Problem description => Look through the material below. Return exactly the lines from the one with "Preheat the oven" through the one with "This gorgeous fleece", both included.

Record set =>

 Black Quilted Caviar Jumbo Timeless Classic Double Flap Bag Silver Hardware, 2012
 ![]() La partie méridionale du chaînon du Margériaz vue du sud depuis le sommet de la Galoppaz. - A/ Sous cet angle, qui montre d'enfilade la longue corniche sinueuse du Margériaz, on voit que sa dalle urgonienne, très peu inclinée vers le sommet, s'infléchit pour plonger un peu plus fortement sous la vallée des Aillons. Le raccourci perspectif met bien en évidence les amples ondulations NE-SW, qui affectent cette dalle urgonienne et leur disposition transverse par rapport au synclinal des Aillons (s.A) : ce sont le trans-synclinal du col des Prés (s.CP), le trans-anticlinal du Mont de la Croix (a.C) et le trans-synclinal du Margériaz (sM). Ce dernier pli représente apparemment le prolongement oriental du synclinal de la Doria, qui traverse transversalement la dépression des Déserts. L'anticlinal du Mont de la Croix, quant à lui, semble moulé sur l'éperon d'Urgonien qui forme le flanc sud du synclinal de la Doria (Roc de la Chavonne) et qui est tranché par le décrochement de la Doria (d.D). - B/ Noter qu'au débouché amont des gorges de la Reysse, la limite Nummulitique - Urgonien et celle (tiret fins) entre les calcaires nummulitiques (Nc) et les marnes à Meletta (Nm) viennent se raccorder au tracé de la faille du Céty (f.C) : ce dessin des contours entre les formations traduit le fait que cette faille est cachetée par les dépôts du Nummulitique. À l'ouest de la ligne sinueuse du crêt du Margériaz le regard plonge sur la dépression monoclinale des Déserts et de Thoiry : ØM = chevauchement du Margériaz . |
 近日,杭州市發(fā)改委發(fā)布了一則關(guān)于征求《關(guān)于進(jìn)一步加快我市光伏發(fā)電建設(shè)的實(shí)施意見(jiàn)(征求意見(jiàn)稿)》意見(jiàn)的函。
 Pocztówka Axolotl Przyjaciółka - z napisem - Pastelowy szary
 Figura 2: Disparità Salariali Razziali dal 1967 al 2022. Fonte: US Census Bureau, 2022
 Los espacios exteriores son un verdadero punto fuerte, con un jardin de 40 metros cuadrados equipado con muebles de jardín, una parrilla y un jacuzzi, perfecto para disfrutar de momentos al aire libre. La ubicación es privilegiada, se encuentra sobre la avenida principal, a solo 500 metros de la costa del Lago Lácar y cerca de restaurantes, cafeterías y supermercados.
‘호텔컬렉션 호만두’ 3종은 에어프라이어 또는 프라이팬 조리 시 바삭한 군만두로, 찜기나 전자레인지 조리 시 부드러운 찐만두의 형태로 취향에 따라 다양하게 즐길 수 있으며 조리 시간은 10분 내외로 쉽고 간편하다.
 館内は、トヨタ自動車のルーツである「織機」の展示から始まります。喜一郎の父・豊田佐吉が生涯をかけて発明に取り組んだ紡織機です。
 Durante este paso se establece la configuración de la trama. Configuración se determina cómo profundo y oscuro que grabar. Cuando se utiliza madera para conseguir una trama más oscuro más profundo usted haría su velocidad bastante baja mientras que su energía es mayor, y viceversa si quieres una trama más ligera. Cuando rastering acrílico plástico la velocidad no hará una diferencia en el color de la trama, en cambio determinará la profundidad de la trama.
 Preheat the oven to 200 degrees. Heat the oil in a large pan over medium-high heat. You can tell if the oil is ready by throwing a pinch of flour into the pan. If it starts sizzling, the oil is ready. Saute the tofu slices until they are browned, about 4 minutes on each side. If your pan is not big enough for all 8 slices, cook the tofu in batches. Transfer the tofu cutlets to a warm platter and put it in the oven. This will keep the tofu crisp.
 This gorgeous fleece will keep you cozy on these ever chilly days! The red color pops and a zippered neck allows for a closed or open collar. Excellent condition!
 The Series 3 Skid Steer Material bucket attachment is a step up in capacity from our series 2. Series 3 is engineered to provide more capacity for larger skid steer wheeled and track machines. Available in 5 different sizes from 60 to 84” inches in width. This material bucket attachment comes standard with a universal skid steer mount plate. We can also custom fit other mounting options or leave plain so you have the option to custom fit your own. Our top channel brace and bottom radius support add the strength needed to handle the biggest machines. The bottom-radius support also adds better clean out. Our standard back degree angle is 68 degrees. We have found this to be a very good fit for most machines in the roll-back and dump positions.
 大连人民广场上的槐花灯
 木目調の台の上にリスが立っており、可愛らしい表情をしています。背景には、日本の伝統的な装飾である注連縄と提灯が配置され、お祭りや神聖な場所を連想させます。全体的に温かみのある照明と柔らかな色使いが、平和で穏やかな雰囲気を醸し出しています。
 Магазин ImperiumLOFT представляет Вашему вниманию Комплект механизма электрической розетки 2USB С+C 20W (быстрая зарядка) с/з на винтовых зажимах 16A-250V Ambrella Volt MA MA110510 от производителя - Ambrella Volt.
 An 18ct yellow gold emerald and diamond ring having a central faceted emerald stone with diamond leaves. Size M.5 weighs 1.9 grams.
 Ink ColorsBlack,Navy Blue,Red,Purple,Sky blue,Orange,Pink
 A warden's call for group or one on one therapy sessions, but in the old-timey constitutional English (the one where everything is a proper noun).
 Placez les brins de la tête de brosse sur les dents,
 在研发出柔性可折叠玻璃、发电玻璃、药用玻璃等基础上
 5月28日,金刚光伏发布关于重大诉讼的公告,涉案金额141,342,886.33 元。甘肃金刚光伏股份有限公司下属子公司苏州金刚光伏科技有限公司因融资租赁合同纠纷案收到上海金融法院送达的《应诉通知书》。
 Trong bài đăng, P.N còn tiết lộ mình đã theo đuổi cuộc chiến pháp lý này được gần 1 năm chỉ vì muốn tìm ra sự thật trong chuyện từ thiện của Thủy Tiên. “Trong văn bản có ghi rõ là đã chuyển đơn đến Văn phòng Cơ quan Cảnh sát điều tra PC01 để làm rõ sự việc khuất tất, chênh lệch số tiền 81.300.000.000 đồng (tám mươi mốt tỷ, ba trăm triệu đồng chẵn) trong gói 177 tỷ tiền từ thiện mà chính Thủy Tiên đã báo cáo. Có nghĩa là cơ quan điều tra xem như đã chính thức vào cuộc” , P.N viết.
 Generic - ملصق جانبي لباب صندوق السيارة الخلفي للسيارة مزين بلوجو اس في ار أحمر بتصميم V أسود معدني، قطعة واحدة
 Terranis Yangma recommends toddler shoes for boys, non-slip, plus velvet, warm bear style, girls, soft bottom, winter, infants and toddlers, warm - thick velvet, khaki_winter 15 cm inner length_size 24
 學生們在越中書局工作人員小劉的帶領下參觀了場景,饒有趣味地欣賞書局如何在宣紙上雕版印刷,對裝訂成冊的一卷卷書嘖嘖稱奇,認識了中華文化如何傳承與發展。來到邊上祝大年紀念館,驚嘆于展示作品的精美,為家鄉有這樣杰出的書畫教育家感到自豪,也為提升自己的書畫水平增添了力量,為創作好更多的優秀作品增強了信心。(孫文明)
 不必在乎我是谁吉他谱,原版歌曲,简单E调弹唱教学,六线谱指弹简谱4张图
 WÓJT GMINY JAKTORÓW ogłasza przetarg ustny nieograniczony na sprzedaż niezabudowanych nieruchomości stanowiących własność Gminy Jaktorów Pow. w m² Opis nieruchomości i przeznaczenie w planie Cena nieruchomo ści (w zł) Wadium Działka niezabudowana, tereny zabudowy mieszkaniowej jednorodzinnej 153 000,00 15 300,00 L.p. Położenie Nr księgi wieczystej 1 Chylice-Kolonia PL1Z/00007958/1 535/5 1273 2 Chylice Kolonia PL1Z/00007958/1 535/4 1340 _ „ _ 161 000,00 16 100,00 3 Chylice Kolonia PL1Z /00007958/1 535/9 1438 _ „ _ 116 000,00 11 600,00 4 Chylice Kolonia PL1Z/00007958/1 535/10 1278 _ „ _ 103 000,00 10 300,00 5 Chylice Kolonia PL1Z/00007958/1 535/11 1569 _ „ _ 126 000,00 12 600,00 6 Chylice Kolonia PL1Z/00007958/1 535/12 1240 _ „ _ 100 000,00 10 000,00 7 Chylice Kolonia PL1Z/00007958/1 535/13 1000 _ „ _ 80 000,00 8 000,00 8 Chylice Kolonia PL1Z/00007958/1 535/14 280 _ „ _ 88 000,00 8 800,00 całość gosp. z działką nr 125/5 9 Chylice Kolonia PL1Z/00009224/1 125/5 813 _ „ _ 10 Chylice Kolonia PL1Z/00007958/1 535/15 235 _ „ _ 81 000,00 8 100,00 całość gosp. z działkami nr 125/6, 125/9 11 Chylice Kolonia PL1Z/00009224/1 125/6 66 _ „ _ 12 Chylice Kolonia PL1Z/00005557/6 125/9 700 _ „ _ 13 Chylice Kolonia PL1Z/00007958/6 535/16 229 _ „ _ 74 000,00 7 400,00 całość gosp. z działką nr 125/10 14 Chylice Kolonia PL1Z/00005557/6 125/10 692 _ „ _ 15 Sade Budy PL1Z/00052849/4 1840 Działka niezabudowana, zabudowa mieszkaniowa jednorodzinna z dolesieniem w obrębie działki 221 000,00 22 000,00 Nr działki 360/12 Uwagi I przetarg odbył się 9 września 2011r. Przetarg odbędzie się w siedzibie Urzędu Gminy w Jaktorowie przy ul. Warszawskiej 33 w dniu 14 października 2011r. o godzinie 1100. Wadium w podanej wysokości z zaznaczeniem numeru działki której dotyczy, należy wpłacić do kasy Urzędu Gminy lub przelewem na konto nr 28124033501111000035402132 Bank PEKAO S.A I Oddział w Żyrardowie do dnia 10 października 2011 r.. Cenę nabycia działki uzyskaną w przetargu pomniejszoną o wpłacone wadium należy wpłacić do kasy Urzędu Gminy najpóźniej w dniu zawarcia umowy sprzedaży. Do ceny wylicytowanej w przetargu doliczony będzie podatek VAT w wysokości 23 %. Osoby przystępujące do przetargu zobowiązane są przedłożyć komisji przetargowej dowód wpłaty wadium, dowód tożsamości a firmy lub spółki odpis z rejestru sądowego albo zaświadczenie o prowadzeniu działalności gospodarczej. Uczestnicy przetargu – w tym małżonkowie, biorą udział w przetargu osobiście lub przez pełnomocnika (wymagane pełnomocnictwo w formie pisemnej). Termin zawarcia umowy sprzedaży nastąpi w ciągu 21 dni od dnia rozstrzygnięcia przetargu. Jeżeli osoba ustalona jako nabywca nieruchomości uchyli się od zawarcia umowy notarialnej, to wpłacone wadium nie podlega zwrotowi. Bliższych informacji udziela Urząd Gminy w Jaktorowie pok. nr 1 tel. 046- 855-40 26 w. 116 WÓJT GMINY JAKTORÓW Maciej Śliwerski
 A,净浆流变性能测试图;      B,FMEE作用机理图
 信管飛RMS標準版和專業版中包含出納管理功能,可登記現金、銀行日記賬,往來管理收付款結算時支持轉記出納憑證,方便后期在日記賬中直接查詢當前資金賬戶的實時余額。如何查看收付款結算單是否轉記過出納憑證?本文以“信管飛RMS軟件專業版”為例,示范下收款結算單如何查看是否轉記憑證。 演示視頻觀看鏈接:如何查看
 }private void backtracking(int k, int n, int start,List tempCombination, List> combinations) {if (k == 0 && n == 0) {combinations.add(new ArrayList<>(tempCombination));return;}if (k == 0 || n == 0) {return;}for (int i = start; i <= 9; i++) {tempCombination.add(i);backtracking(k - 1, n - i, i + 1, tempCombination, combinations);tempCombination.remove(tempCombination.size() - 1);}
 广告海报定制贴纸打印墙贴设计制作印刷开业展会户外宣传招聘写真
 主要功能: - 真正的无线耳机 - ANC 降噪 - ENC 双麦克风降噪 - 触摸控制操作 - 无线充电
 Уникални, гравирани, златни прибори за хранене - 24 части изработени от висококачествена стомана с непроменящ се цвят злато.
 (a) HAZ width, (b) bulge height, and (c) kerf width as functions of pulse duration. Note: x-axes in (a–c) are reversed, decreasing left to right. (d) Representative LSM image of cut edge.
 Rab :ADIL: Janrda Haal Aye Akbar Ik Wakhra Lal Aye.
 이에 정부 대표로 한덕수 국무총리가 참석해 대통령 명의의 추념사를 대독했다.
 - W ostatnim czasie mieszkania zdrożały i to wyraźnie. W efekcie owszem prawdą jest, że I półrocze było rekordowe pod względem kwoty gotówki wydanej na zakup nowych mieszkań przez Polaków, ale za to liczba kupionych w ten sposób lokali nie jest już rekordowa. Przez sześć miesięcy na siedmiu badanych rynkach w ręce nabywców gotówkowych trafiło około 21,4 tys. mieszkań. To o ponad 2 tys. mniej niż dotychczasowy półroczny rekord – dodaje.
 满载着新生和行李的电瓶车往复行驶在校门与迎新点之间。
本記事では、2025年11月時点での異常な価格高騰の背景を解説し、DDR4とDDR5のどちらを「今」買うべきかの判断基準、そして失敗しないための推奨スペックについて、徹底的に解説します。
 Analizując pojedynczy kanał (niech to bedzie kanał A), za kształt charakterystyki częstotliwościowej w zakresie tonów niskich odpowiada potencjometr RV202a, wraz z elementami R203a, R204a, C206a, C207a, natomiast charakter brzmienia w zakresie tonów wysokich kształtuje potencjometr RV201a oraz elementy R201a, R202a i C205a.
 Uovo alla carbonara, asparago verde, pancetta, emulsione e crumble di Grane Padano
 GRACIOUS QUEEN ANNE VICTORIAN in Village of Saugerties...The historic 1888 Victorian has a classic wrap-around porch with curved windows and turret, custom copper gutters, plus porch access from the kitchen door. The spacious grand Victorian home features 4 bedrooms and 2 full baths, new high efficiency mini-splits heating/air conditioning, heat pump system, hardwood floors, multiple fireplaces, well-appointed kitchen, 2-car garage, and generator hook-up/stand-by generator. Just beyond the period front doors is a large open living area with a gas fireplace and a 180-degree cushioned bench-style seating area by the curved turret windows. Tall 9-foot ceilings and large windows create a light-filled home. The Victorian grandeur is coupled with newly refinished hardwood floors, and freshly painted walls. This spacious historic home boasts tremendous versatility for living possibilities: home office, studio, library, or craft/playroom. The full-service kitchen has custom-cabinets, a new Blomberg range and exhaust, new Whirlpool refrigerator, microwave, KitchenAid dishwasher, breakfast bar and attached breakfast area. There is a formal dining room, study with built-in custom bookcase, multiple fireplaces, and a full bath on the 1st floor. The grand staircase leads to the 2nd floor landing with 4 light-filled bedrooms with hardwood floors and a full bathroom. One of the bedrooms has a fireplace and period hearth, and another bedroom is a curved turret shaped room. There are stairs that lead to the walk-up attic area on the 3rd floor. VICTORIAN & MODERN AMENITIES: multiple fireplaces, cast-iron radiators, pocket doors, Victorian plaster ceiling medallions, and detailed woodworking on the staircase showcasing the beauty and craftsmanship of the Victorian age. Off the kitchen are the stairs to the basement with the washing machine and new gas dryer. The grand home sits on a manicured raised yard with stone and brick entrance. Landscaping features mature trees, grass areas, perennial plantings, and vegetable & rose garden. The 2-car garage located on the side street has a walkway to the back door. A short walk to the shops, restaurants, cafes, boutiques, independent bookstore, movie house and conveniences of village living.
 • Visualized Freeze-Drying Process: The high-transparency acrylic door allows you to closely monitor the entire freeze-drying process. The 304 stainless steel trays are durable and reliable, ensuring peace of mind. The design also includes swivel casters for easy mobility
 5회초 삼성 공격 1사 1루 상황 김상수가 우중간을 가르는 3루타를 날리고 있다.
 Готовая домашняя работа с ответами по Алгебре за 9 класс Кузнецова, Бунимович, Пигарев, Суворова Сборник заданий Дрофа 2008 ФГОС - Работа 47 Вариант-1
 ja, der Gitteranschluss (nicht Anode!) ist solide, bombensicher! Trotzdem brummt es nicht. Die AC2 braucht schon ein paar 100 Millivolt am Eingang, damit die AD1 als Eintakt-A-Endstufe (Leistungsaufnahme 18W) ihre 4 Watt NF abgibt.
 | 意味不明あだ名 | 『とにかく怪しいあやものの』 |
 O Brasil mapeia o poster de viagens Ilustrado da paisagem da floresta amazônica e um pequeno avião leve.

Reply to the exercise =>
 Preheat the oven to 200 degrees. Heat the oil in a large pan over medium-high heat. You can tell if the oil is ready by throwing a pinch of flour into the pan. If it starts sizzling, the oil is ready. Saute the tofu slices until they are browned, about 4 minutes on each side. If your pan is not big enough for all 8 slices, cook the tofu in batches. Transfer the tofu cutlets to a warm platter and put it in the oven. This will keep the tofu crisp.
 This gorgeous fleece will keep you cozy on these ever chilly days! The red color pops and a zippered neck allows for a closed or open collar. Excellent condition!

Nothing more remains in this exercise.